After Washington's Afghan debacle, the US commitment to Taiwan has come under scrutiny, according to Politico. The question is whether Washington would interfere and protect the island in the event of China's hypothetical offensive. The media outlet admitted that "the fundamental challenge to the US commitment to Taiwan" is the "growing tension" between the need to maintain bilateral strategic stability with China and a hypothetical scenario in which the US would have to confront Beijing over Taiwan. "Washington recognizes… the importance of working with Beijing to maintain bilateral strategic stability… [and] address urgent global challenges, such as the pandemic and climate change," Politico noted.
U.S. Vice President Kamala Harris leaves her plane as she arrives at the airport in Hanoi, Vietnam, August, 24, 2021
Washington is unlikely to outmanoeuvre China in the region, deems Jeff J. Brown, the editor of China Rising Radio Sinoland, producer of China Tech News Flash!, and author of "The China Trilogy".

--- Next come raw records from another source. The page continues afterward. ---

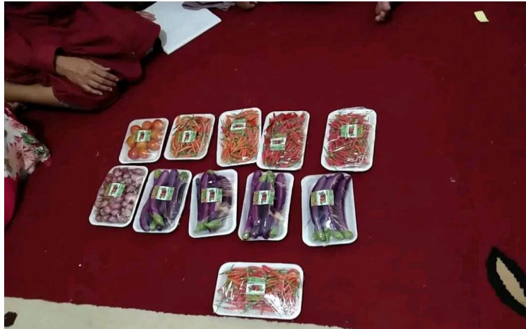
Gambar 8. Hasil produk pertanian sudah dalam bentuk kemasan

Gambar di atas menunjukkan hasil akhir dari proses pengemasan produk pertanian yang telah dilakukan oleh anggota Kelompok Wanita Tani (KWT). Setelah melalui tahap pelatihan dan bimbingan, para peserta kini telah berhasil mengemas produk mereka dalam kemasan yang rapi dan menarik. Dalam gambar ini, terlihat berbagai jenis produk pertanian yang telah dipisahkan dan dikemas secara cermat, seperti cabai, tomat, bawang merah, dan terong, masing-masing dalam wadah kemasan yang sesuai. Setiap kemasan dilabeli dengan stiker yang mencantumkan informasi produk, yang tidak hanya berfungsi untuk memberikan identifikasi, tetapi juga menambah nilai estetika dan profesionalisme produk tersebut.
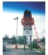
Restauration rapide en Caroline du Nord
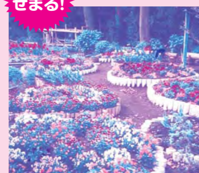
第14回入賞作品 金賞/明るい街づくりの会
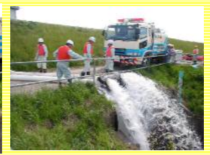
↑排水ホースのセッティングです!!
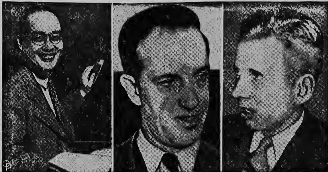
DR. HIDEKI YUKAWA
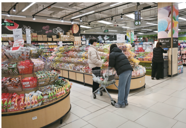
市民在永辉超市购物
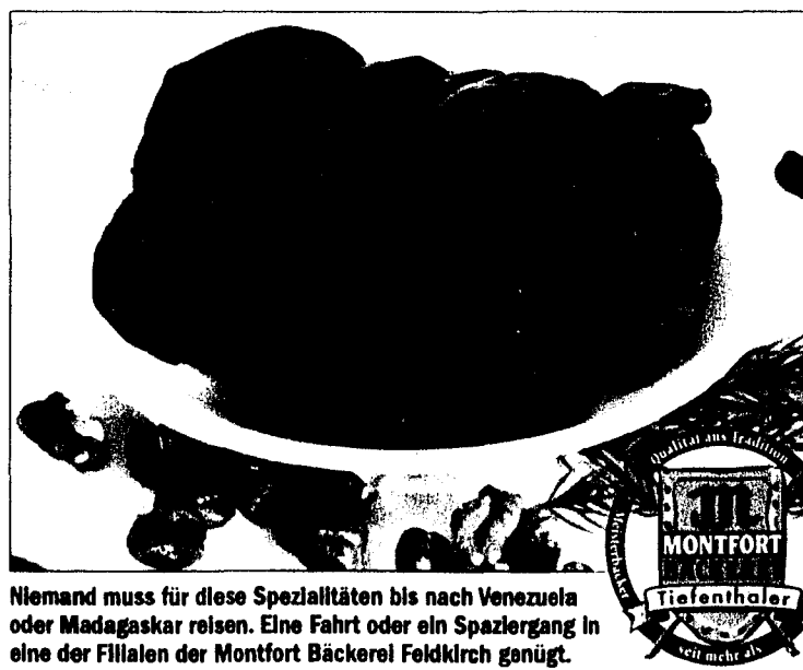
Niemand muss für diese Spezialitäten bis nach Venezuela oder Madagaskar reisen. Eine Fahrt oder ein Spaziergang in eine der Filialen der Montfort Bäckerei Feldkirch genügt.

Dann gibt's noch die berühmten Weihnachtskekse nach Großmutter Art, die – wie es sich gehört – in edlen Dosen verpackt sind, wo sie noch perfekt „nachreifen“ können. Eine weitere Spezialität ist das saftigste und leckerste Birnenbrot weit
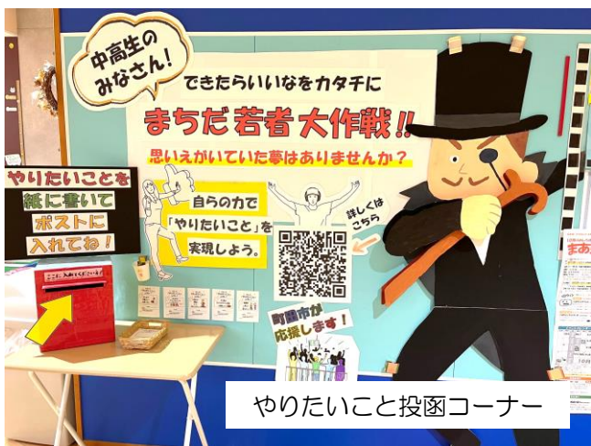
やりたいこと投函コーナー
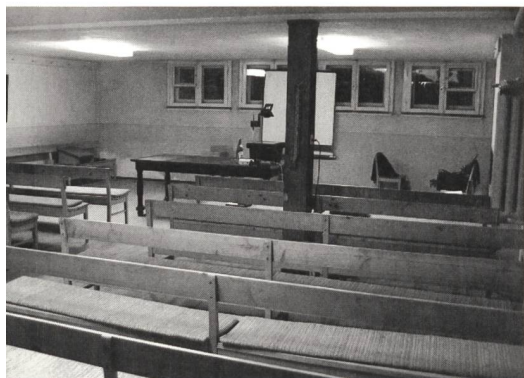
▲ «Der Kellerraum, der mich eher an die Kapelle einer Freikirche als an einen Vortragssaal erinnerte...»

Viele Menschen haben ihr Geld gerade wegen
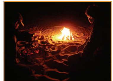
Lagerfeuer mit altem Verpackungsholz.
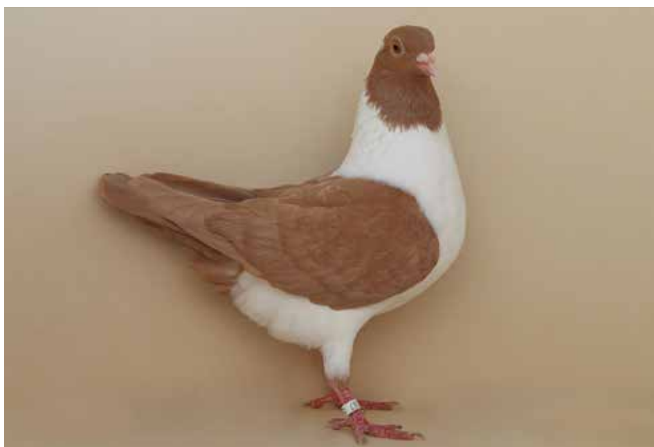
Triganino Modenese gazzo caldano collezione Bartoletti

Con i 5 pietra chiara a verghe bianche di cl. A Novo ha ottenuto 94 pt sia con un maschio che con una femmina. Nei 5 smagliati di cl. A Sgarbi ha vinto con una femmina da 96,5 pt ed un maschio da 96 pt davanti a Novo con 95 pt. Tra 6 pietra chiara a verghe rosse di cl. A Vaccari ha presentato un maschio da 96 pt e Novo una femmina da 95 pt. Nei 3 neri a verghe rosse di cl. A Dalcò ha realizzato 96 pt con una femmina; nei 2 neri fioccati di rosso di cl. A lo stesso Dalcò ha ottenuto 94 pt. Tra 2 bigi a verghe rosse una femmina di Goletto ha ottenuto 96 pt. I bigi trigani di bianco di Novo erano 5 in cl. A con un maschio ed una femmina da 97 pt ed uno in cl. B da 96,5 pt. I pietra chiara trigani di bianco di Novo erano uno in cl. A con 96,5 pt e due in cl. B con una femmina da 97 pt. Trompetto ha presentato 5 neri trigani di rosso in cl. A con una femmina da 94 pt; lo stesso Trompetto tra 3
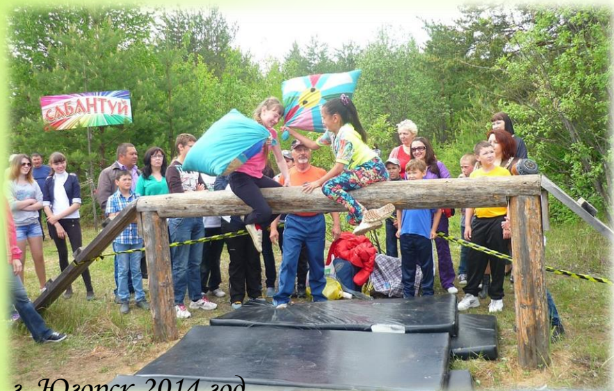
г. Югорск 2014 год

бой мешками с травой или сеном, который проходит на скользком, неустойчивом бревне
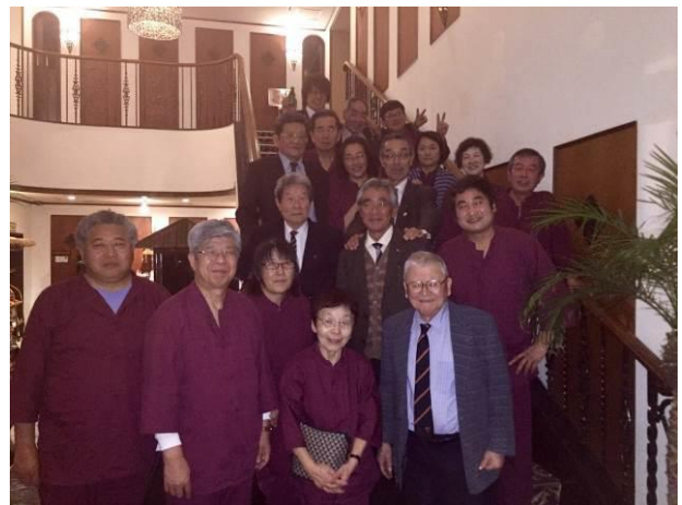
集合写真をパチッ!!

翌日はまっすぐに大室山に向かい、全員リフトから転げずに降りられたので無事山頂へ。残念ながら伊豆七島は見えなかったものの、深い火口底やそこから噴き出た溶岩で出来た広々とした伊豆高原の風景を楽しみました。伊豆シャボテン公園はあまりに長い入場者の列を見て諦め、伊豆ガラスと工芸の美術館でガラスとは思えないガラス製品に驚き、ジャポニズムなるものを学びました。この日のお昼は蕎麦屋で由比の桜海老のかき揚げを楽しみ、拳骨饅頭のお店と伊豆高原駅の干物のお店でお土産を買い入れてお楽しみは終了。私は駅駐車場でフライングデスク大会までのしばしのお別れをしました。
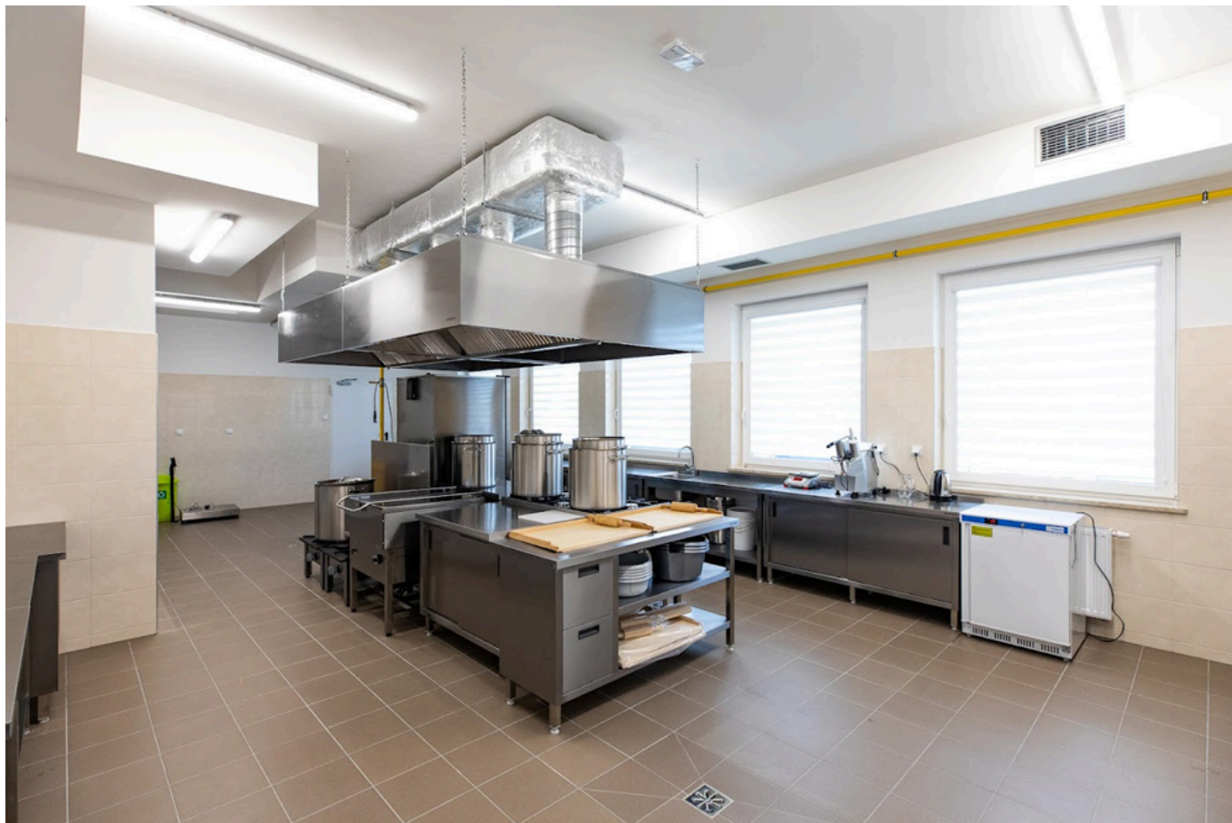
Wnętrza budynku - kuchnia
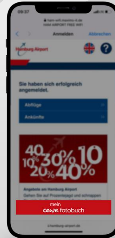
Werbe Pos. 3

HAM Landing-Page Sticky Banner der nach dem Log-in, sowie bei Abruf von Informationen zum Gate oder den Abflugzeiten erscheint (statisch inkl. Link zu Ihrem Online-Auftritt)
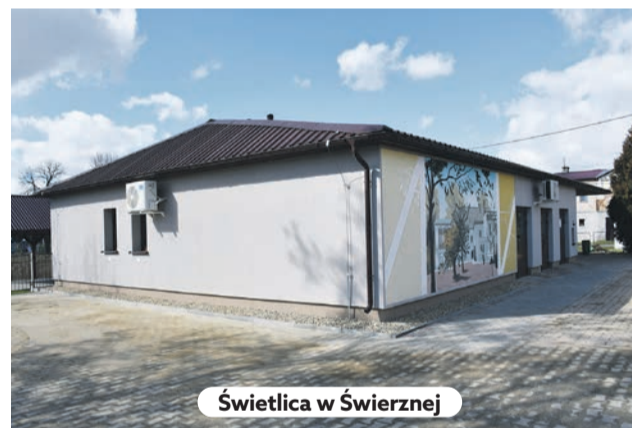
Świetlica w Świerznej
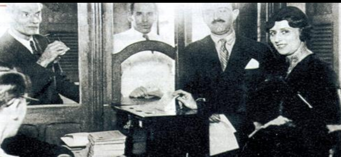
Centro de Memoria/TSE
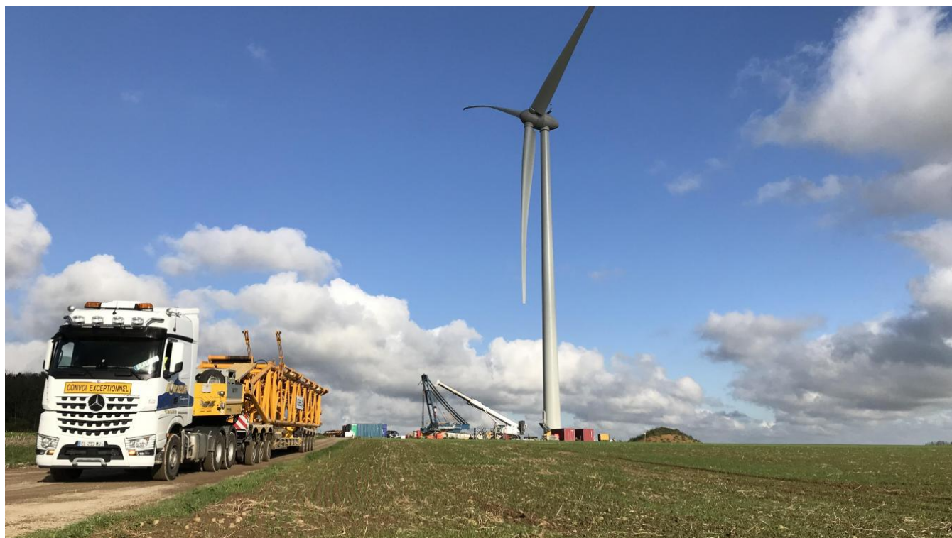
Le parc éolien du Fond Saint-Clément, à Caulières, s'agrandit. Dix nouvelles éoliennes sortent du sol et sont financées par des particuliers à hauteur de 200 000 €.

Par Le Courrier Picard | Publié le 27/10/2017
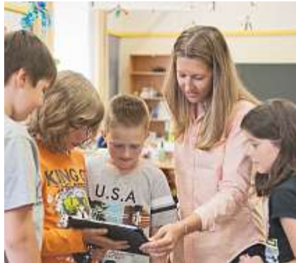
Die neuen Plattformen bieten Lehrpersonen Orientierung und Unterrichtsideen zum Thema Medien und Informatik.

Die Plattformen mi4u.ch (AG) und ict-regelstandards.ch (SO) erlauben unterschiedliche Zugänge zur Thematik. Aktuell stehen über 60 erprobte Unterrichtsideen zur Verfügung, die sich nach Stufen oder Fächern filtern lassen. Einzelne Ideen regen an, die Aufgabenstellungen der Lehrmittel wie «Die Sprachstarken» oder «Das Zahlenbuch» mit digitalen Medien umzusetzen oder zu erweitern. Andere Ideen zeigen auf, wie Computer und Tablets im Bereich des Gestaltens eingesetzt oder das Verständnis für Grundlagen der Informatik gefördert werden können. Allen Ideen gemein ist der handlungsorientierte Ansatz. Ausgehend von konkreten Tätigkeiten mit digitalen Medien regen Reflexionsfragen zum Nachdenken über die Medienwirkung oder zum Ver-
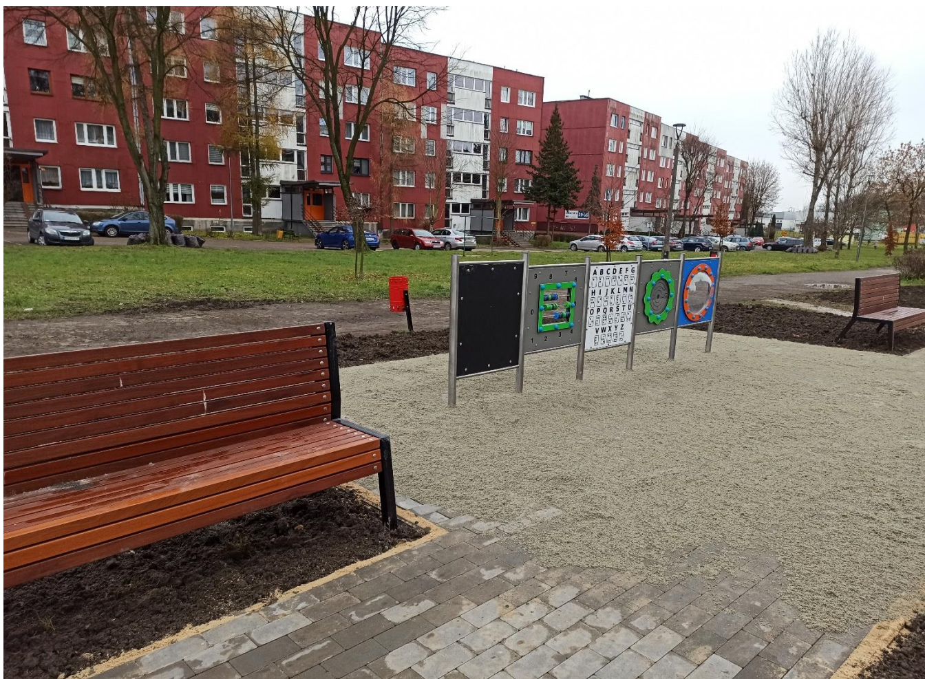
* Ścieżka kreatywna - ul. Kielecka (BO22/VIII/2)

"There is nothing new about Harris saying one thing (Asians don't have to choose between the US and China) and doing another (behind closed doors our vassal allies have to shun the PRC)", he says.
While the US resorts to a classic technique by the western Machiavelli and Chinese Sun Zi, Beijing is "applying the noble ideals of the United Nations Charter and the Bandung Declaration, to respect the core interests of all countries, large and small", he says.
In the long term, Beijing's "soft power" strategy "will win Asian hearts and minds over the West's Great Game hegemony", Brown concludes.